Would you please output, word for word, the span of the listing below that opens on the line containing "Nissan Models Only." and closes on the line containing "关于南阳晚报电子版在线阅读2"? Include both ends and nothing more.

Working data →
.....

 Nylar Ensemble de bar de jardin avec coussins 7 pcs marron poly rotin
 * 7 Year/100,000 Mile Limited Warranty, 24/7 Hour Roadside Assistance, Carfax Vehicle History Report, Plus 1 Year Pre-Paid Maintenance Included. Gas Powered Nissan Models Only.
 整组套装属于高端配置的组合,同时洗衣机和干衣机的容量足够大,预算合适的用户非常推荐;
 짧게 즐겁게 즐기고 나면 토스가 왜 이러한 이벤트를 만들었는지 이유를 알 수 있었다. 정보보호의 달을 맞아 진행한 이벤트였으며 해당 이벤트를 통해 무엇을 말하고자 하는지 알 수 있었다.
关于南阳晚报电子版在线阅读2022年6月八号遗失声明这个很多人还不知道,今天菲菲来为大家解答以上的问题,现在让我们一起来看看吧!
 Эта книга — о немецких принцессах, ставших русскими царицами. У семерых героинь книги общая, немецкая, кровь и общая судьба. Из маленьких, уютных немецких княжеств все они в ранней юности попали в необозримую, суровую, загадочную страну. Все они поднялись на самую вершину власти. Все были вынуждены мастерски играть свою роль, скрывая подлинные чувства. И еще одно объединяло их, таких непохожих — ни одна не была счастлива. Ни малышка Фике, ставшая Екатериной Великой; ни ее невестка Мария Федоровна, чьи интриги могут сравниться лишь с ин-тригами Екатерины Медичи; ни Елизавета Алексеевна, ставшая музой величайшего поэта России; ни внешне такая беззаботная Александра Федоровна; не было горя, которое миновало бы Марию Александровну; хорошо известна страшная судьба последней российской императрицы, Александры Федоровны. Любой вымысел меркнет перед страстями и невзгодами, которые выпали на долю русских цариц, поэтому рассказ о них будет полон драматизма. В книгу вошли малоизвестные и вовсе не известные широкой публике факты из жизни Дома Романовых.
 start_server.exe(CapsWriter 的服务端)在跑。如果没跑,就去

.....

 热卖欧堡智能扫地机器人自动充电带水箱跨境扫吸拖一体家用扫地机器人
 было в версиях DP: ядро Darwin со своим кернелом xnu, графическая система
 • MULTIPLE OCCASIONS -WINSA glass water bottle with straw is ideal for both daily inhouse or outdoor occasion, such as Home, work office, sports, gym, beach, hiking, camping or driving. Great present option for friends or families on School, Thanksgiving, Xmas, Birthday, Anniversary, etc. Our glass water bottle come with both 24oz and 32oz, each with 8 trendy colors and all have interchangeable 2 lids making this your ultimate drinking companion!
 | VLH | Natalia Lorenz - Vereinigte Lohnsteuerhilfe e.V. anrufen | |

.....

Exercise result →
 * 7 Year/100,000 Mile Limited Warranty, 24/7 Hour Roadside Assistance, Carfax Vehicle History Report, Plus 1 Year Pre-Paid Maintenance Included. Gas Powered Nissan Models Only.
 整组套装属于高端配置的组合,同时洗衣机和干衣机的容量足够大,预算合适的用户非常推荐;
 짧게 즐겁게 즐기고 나면 토스가 왜 이러한 이벤트를 만들었는지 이유를 알 수 있었다. 정보보호의 달을 맞아 진행한 이벤트였으며 해당 이벤트를 통해 무엇을 말하고자 하는지 알 수 있었다.
关于南阳晚报电子版在线阅读2022年6月八号遗失声明这个很多人还不知道,今天菲菲来为大家解答以上的问题,现在让我们一起来看看吧!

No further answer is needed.